許しを得て、宇茉皇子は皇太夫人である一の方の元に向かっているのだが、
「では、頼むぞ」
「はい」
宇茉皇子が振り向くと、後ろに女官二人と織部司仕様の瀧が居る。返事をしたのは瀧である。奥の女官は通常表の者と言葉を交わさないのが通例なので黙っているのだが、
「大丈夫かな。瀧」
「ああ。お前は。…良くばれなかったなお前」
「 …何度も行かされ、奥の者らは納得した」
織部司管轄の女官に扮した先人と、宇茉皇子の専任女官に扮している荻君である。
「奥の方々は寛大だ」
瀧は息を吐く。先人は隣にいる荻君をじっと見つめ、
「え。颯爽として格好いいですよ」
「 …まあ、礼を言う」
「お前の目はどうなっているんだ」
一応礼を言う荻君と思わず素で突っ込む瀧である。
何故こうなったのか。それは奥に来る少し前の事、先人が休暇を求めた事から始まる。
一か月の休暇と言われ、察する宇茉皇子。
「 …五大氏族の説得か?」
「はい。すべて回り、説得します」
「前のように御記氏に皆を呼び出せれば」
「それはなりません。事が事です。当主一族すべて納得させなければ」
真剣な表情の先人に言われ、宇茉皇子は口元に手を当て考える。
「確かに、今は光村殿を知っている方々が長としているが次代以降はわからない。唯一に従ってはいるが領国と氏族の問題もある。簡単な話では無い。だから自ら出向き説得を」
「はい」
深く頷く先人に宇茉莉皇子は納得するが、考え込む。
「だが、今統括が休暇を取れば意図は明白。五大氏族に警戒が強まり動きづらくなる」
「代わりの者を用意します。それでは? 」
「瀧」
「出来るのか?」
話に入る瀧は、平然と言ってのける。先人は考え、宇茉皇子は問う。場合に寄れば織部司の責任にもなると躊躇う様子に、瀧がにっこり笑顔を見せる。
「服織は伝手が多いので」
「いや、服織様を巻き込めない。それに、父上の友だし、複雑だろう」
「いや別に」
「え? 」
懸念を平然と一蹴する瀧に困惑する先人だが、瀧はまったく意に介していない。そのちぐはぐな様子に疑問は抱くがそれは置いとき、宇茉皇子は一つ頷き、瀧を見据える。
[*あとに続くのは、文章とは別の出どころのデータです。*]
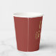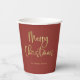 These simple and stylish holiday paper cups say "Merry Christmas" in modern, casual faux gold script typography on a festive red background.
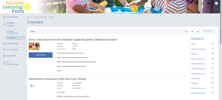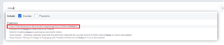 Ex: Typing in part of a word like “inclu” can help locate any courses that focus on “Inclusion,” or typing ‘orient’ and pressing “Enter” can locate the orientation trainings.
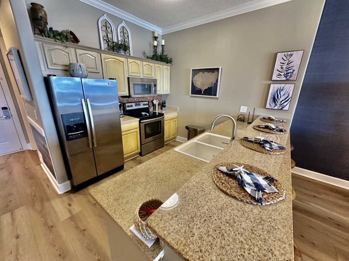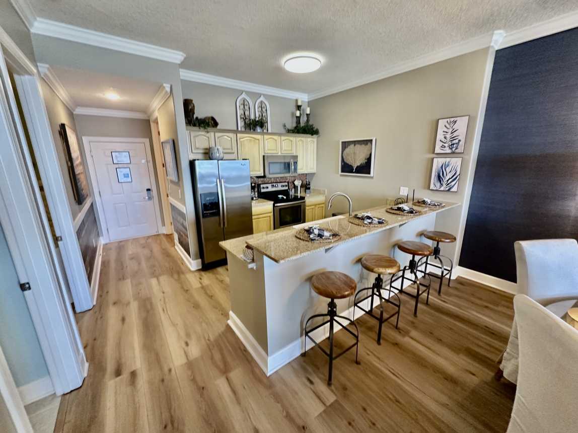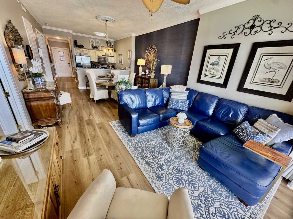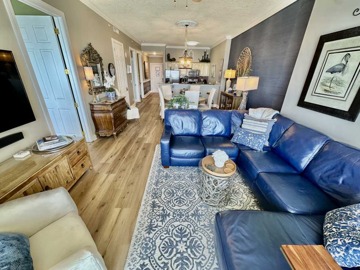 Book this highly upgraded, 2 bedroom, 2 bath, beachfront condo featuring an oversized balcony, beautiful wood flooring, walk-in shower, and more! From the moment you walk-in, this upscale condo will awe you with its coastal cottage design.
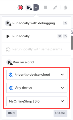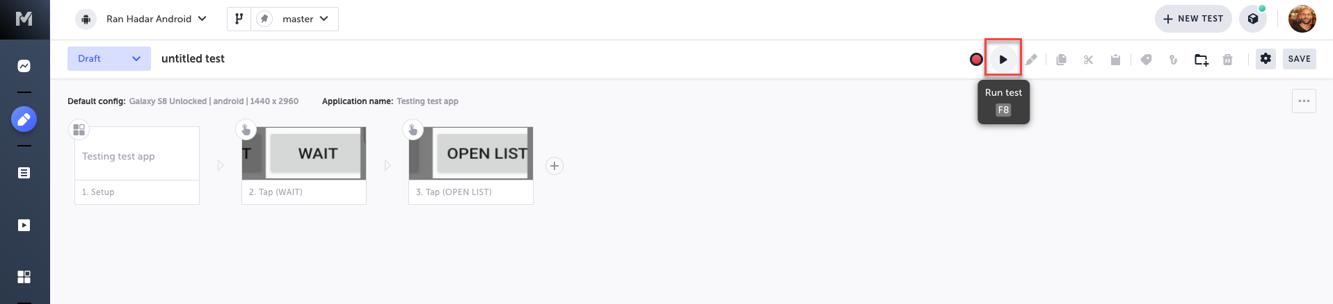 Running a mobile test remotely requires a grid connection and Mobile Configuration. The mobile configuration will determine specific mobile devices to use in the run, however if a mobile configuration is not provided, Testim will use the first available mobile device from the selected grid. You can run a single test remotely on a grid using the test editor. For more information on grid management, see Grid management. → To run a mobile test remotely:
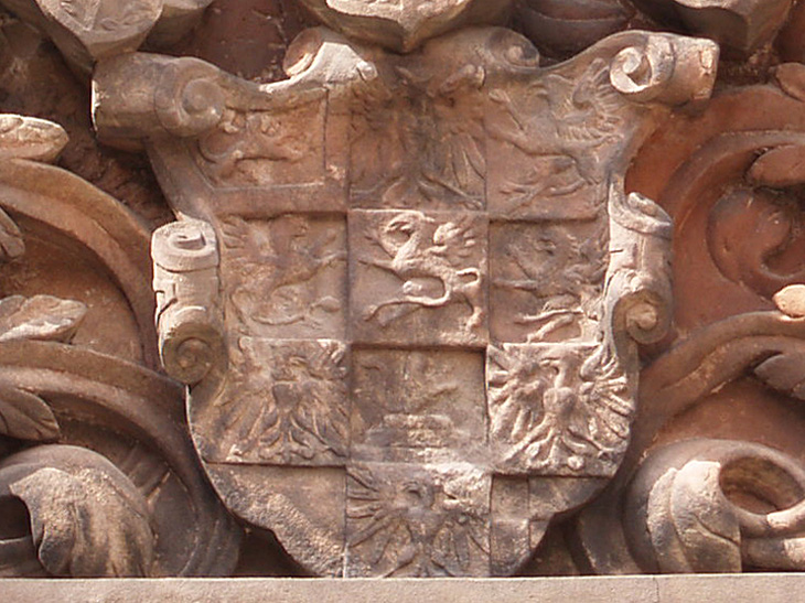 Das Wappen der Grafen von Zollern ist silbern-schwarz geviert. Das ist sozusagen die Keimzelle des gesamten Wappens, das Feld, das zuallererst da war, ehe weitere Inhalte hinzukamen, das alte Wappen der Edelfreien und seit ca. 1111 Grafen von Zollern, deren Stammländereien rund um die Burg Hohenzollern im Zollernalbkreis lagen und die sich ab Mitte des 14. Jh. von Hohenzollern nannten. Mit der Helmzier ist das eine komplexere Geschichte: Anfangs waren mehrere unterschiedliche Kleinode in Gebrauch (a) schwarz-silbern übereck geteilte Büffelhörner, b) ein schwarzes, mit goldenen gestürzten Lindenblättchen bestreutes und am oberen Rand mit Pfauenfedern bestecktes Schirmbrett). Burggraf Friedrich IV. von Nürnberg "kaufte" sich am 10.4.1317 eine neue Helmzier: Ein wachsender goldener Brackenrumpf mit roter Zunge und roten Ohren. "Vorbesitzer" war Leutold (Leupold) von Regensburg (Regensberg). Der Preis: 36 Mark Silber. Halt - hat das nicht eine erstaunliche Ähnlichkeit mit der Helmzier der Grafen von Oettingen? Richtig! Und die war älter. Entsprechend gab es auch ausgiebig Streit um die Helmzier. Wer die Kuriosität des goldenen Brackenhauptes sehen will, findet sie als Glasmalerei von 1380 in der Pfarrkirche St. Kilian in Markt Erlbach. Der Konflikt ging erst 1381 so aus, daß schließlich die Oettinger ihre Helmzier modifizierten: Die roten Ohren des Brackenrumpfes wurden mit einem Schragenkreuz belegt. Die Markgrafen tauchten ihren Bracken hingegen in die Farben ihres Stammwappens: Silbern-schwarz geviert. Ende gut, alles gut. Ab da gilt als Helmzier für das Stammwappen: auf dem Helm mit schwarz-silbernen Decken ein silbern-schwarz gevierter wachsender Brackenrumpf.

「 …それならば、長(吹)が良いと言うなら任せるが、ならば、行くか。共に」
「ああ。そうですね。兄上。一の方様もお会いしたいようですし」
「え、それは、」
「瀧は織部司として、行けるな」
「はい。…ならば、そちらと同じように」
先人を見て、次いで荻君を見る瀧。荻君は遠い目になり、先人は困惑する。
「?」
「先人、まあ最初は辛いが慣れる」
「え? 」
更に困惑する先人に、瀧も頷く。
回想終わり・・・
宇茉皇子の後に続き、部屋の前で止まる。部屋の前の女官に声を掛ける。
「宇茉皇子だ。皇太夫人様にお取次ぎを」
「はい」
女官が部屋に入って行く。すぐに出て来る。
「お入りください」
その声と共に皆で入り、下座へ座る。
「失礼致します」
宇茉皇子の挨拶と共に皆深く頭を下げる。
「頭を上げなさい」
優し気な声と共に皆、頭を上げる。そこには、優し気な、穏やかな、儚げな綺麗な壮年の女性が微笑んでいた。
「今日は人が多いわね。瀧も一緒に?ああ、宇茉に仕えているものね」
「はい。皇太夫人様。瀧も織部司としてこちらに用向きがあり、共にまいりました」
「長(吹)から新しき大陸の衣が届きましたのでお渡しするようにと。後で拝見下さい」
織部司は皇族の衣装を担当しているが、皇后・妃達のも見る事がある。瀧は成人前から出入りする事もあり、奥に顔が知られているのである。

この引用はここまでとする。